(RSF/IFEX) – Reporters Without Borders has called on interior minister Dragan Jocic to retake control of the investigation into the 2001 murder of journalist Milan Pantic and to combat the impunity which has allowed his killers to remain at large. Pantic, correspondent in Jagodina, central Serbia, for the Belgrade daily “Vecernje Novosti”, was found dead […]
(RSF/IFEX) – Reporters Without Borders has called on interior minister Dragan Jocic to retake control of the investigation into the 2001 murder of journalist Milan Pantic and to combat the impunity which has allowed his killers to remain at large.
Pantic, correspondent in Jagodina, central Serbia, for the Belgrade daily “Vecernje Novosti”, was found dead from head injuries in front of his home on 11 June 2001. The local police chief recently admitted that the murder investigation had stalled.
“We urge the Serbian interior minister to get a firm grip on the investigation into the murder of Milan Pantic, the first Serbian journalist to be murdered after the fall of former president Slobodan Milosevic.
“Many journalists have fallen victim to local criminality and the government of Vojislav Kostunica should make it a first priority to solve these cases, the press freedom organisation said.
The journalist’s wife, Zivka Pantic, gave several press interviews on 9 June 2006 in which she said she had never been given any information about the outcome of the police investigation.

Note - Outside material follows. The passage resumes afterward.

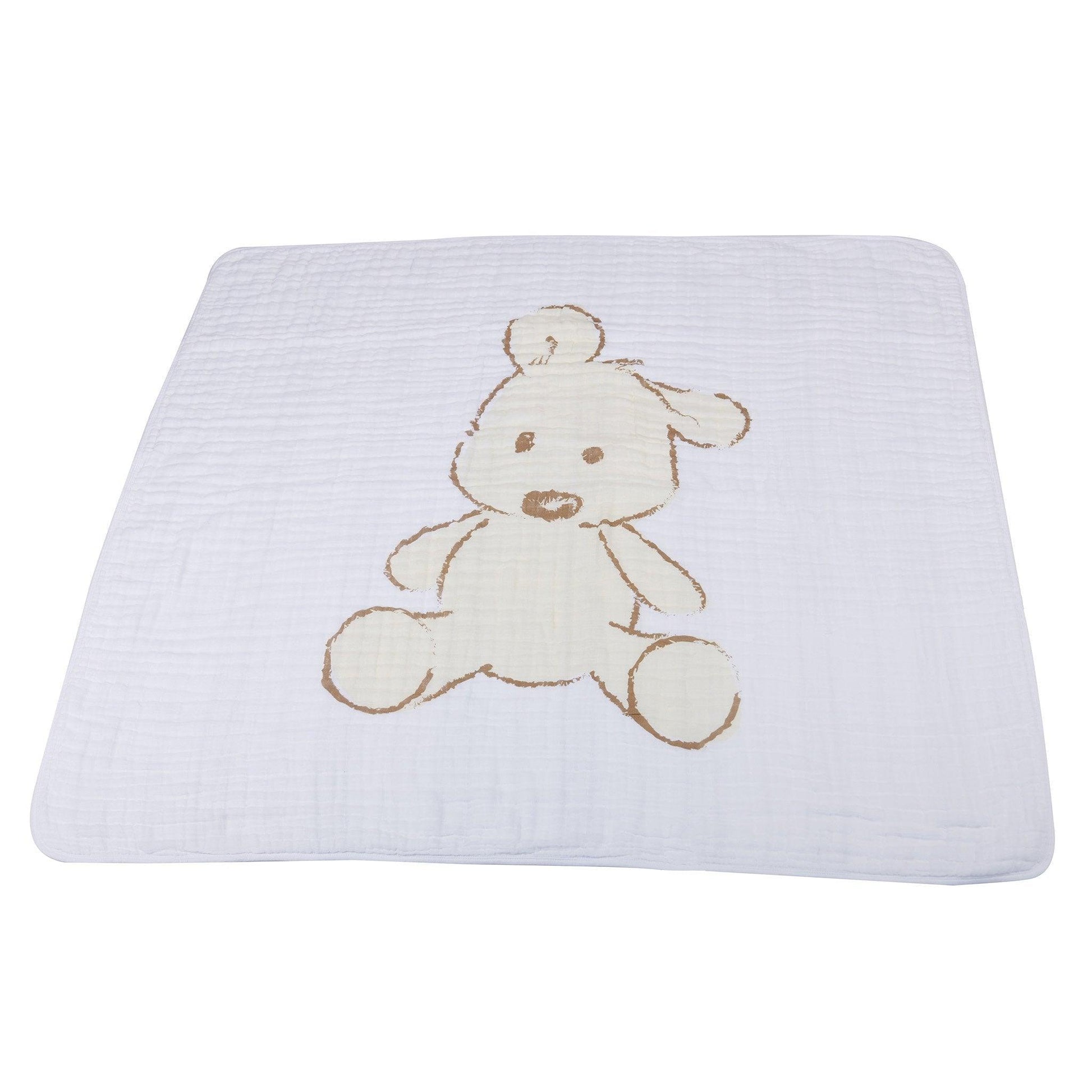 Teddy Bear and Grey Stripe Cotton Muslin Newcastle Blanket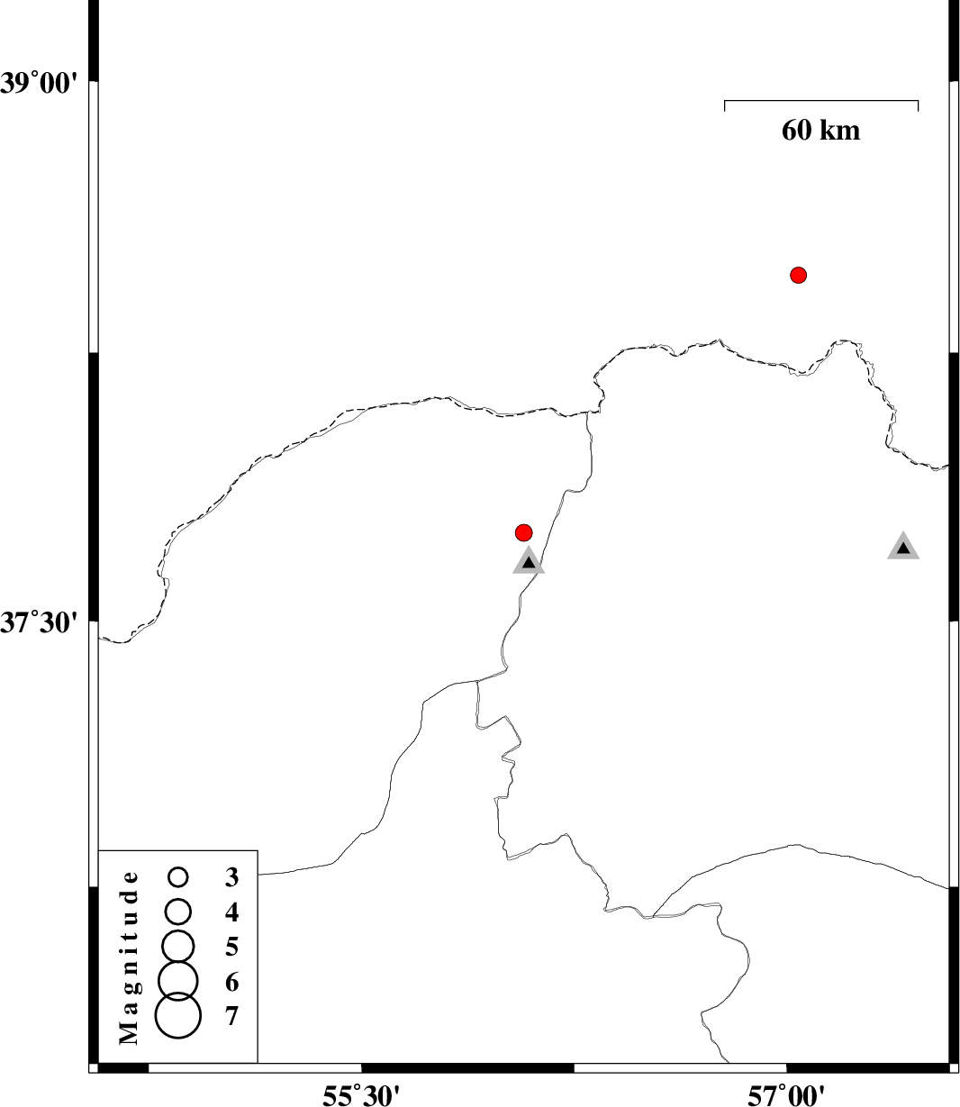 | 2015/12/20 | 03:41:20.3 | 07:11:20.3 | 37.747 | 56.072 | 14 | ML:2.7 | Golestan Province, 65 km North-East of Kalaleh | ||

She remains convinced that her husband was killed by a local mafia because he had written articles exposing organised crime in Jagodina and other cities in the Pomoravlje region.
Zivojin Trifunovic, former police chief for central Jagodina, and former city mayor Jovan Stojanovic were arrested on 13 April 2003 for suspected implication in the murder of Pantic. They were released soon afterwards and charged only with embezzlement during the Slobodan Milosevic presidency.
Neither the killers nor those who ordered the murder of Slavko Curuvija, editor of the newspapers “Dnevni Telegraf” and “Evropljanin”, in front of his Belgrade home in April 1999, have ever been identified. Serbian journalists have even accused the authorities of doing no more than pretending to hold an investigation into the killing.